Based on figures from industrial mixer engineering reports,[4] I estimate that vigorously stirring a cup of tea adds heat at a rate of about a ten-millionth of a watt. That's completely negligible.[5]
I don't have that particular reference [4] at hand, but I highly doubt that the number of 1E-7 W applies to typical teaspoon-based stirring. With vigorous stirring, you have about F = 1 N of force at v = 0.5 m/s, which makes about 0.5 W of dissipation. Of course, it would still take you quite a while to bring the water to a boil.
I'm surprised that nobody mentioned this so far; I registered here especially to make this point.
I suspect that the engineering book was describing an empirical formula for large vessels (some expression involving diameter, viscosity, density, and speed), scaled down to a tea cup. However, typically those expressions are valid only for a particular range of Reynolds numbers (speed*diameter*density/viscosity), which could be orders of magnitude different for a tea cup with hot water versus a vessel with sugar syrup.
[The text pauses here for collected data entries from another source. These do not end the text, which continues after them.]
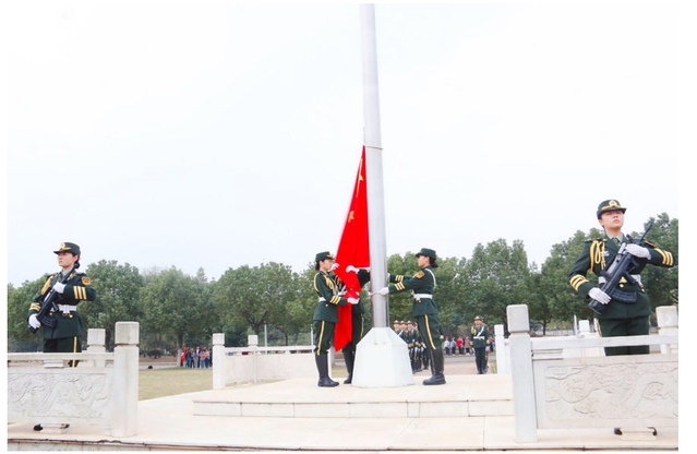 上午6点45分,参与人员准备就位。升旗仪式第一项,由太阳集团官网8722学生会团委副书记阮肸介绍到场老师;7点整,升国旗仪式进行第二项,我校国旗护卫队在进行曲中庄严护送国旗入场;第三项,升国旗、奏国歌。在庄严嘹亮的国歌声中,全体师生肃立行注目礼。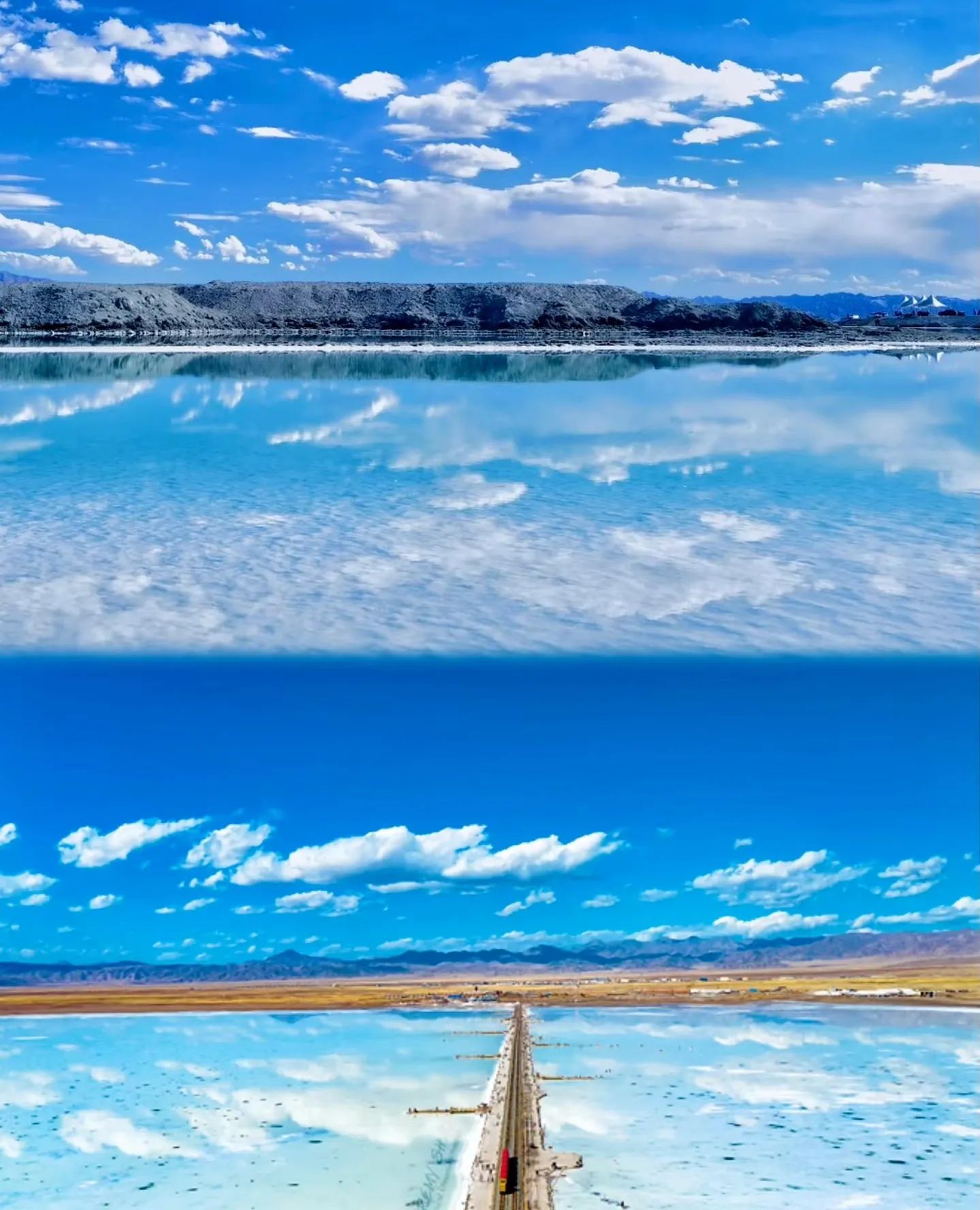 沉浸式体验:乘小火车到盐湖深处,赤脚走进浅水区,云朵倒影在脚下,抬手就能“抓住”天空;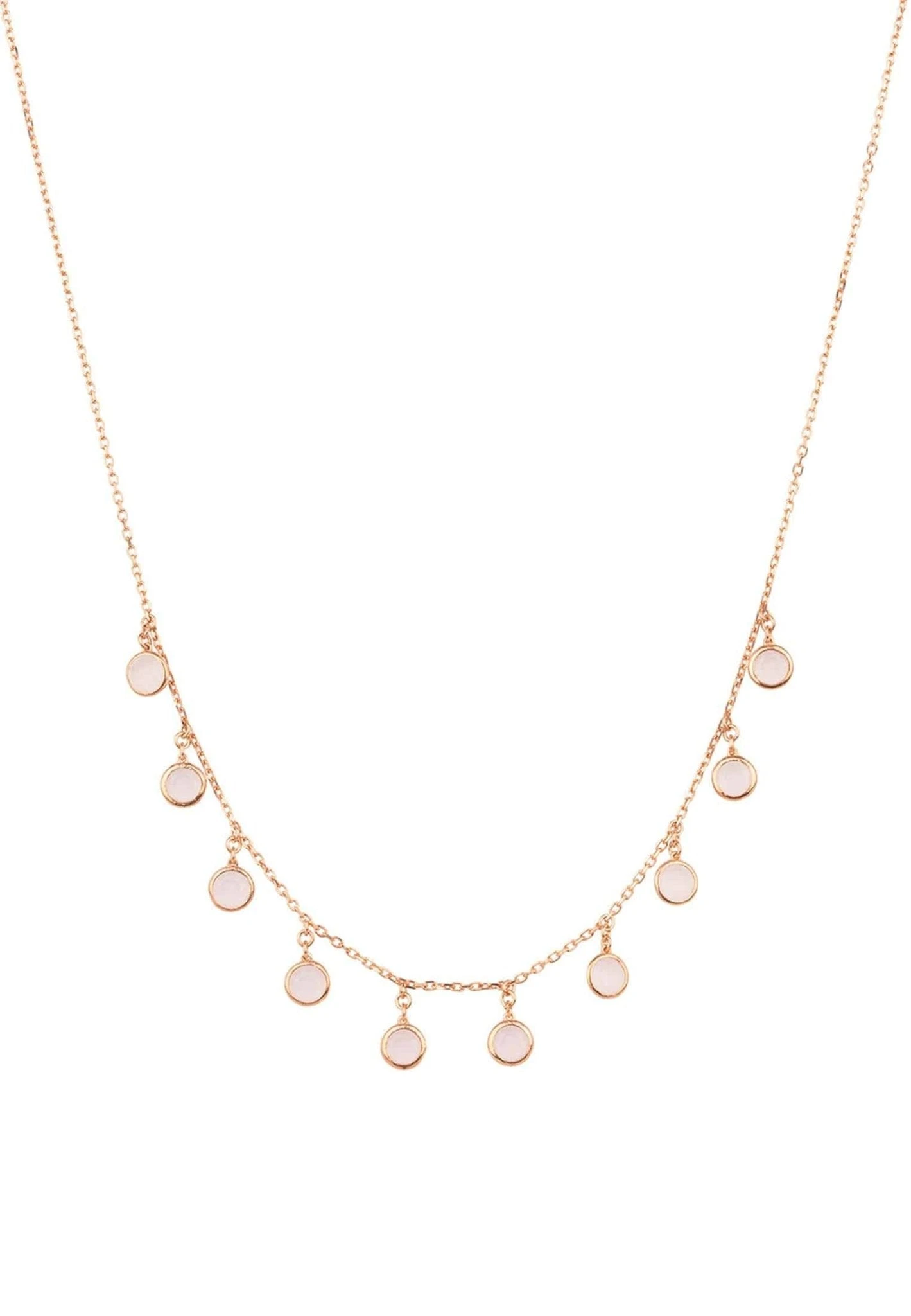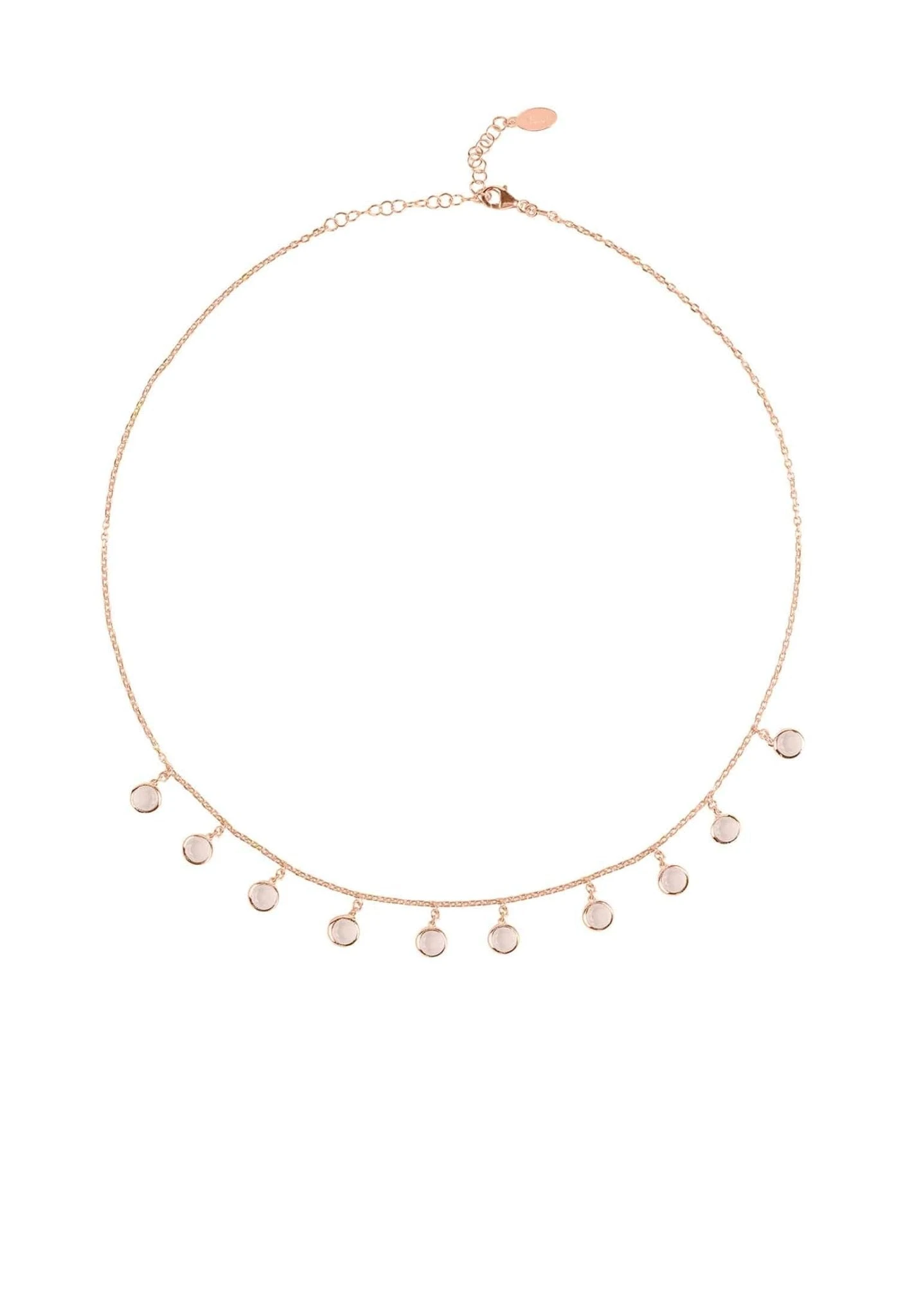 The Florence round gemstone necklace rosegold rose quartz is a beautiful and stylish piece of jewellery that sparkles and catches the light beautifully. This necklace features rose quartz gemstones in a feminine and stylish design, perfect for any outfit. The round cut gemstones are spaced evenly on a fine chain and are set in 925 sterling silver that has been dipped in 22ct rosegold. The necklace also features a lobster clasp and size adjuster for ease of wear.

The term "cavitation" was mentioned a couple of times here. In order to get cavitation in cold water, you need to get dynamic pressures (0.5 rho v^2) on the order of the atmospheric pressure (1e5 Pa), which is 14 m/s. You would need to stir your tea 110 Hz, assuming a circular trajectory of 4 cm diameter. Not very likely to happen.
Re: What-If 0071: "Stirring Tea"
I wanna know if peewee_RotA told them about xkcd? It'll be one more thing for the folks in that office to pass the time looking at.
What if you had a miniature rocket ship flying around inside the tea? Better yet, an FTL ship?

What if you had a miniature rocket ship flying around inside the tea? Better yet, an FTL ship?

Re: What-If 0071: "Stirring Tea"
Yeah, well, so I was ''studying'' (reading What If, that is), and when I reached #71 (I might be going to fail Dynamics next week) it occured to me that the answer should, in the end be, yes. The question if it is possible to boil the water by stirring is quite easily interpreted as if it is possible to heat water by stirring, and from that point the answer revolves around that, but raising the temperature of a liquid is not the only way to boil it. The other is decreasing the pressure, which is exactly what happens when cavitation occurs. The liquid doesn't actually get hotter, but due to a fall in pressure bubbles of steam form near and on the spoon surface, to rapidly collapse under pressure from surrounding regions, damaging the spoon severely in the process (this is also one of the problem is ship propellor design).
It would be useless to make tea, but it would be boiling.
It would be useless to make tea, but it would be boiling.
Re: What-If 0071: "Stirring Tea"
Since the tea doesn't do anything dramatic like rise into the air or emit light, the energy must be turning to heat.
If the tea does do something dramatic like rise into the air or emit light, then it is not tea, and you should probably not drink it.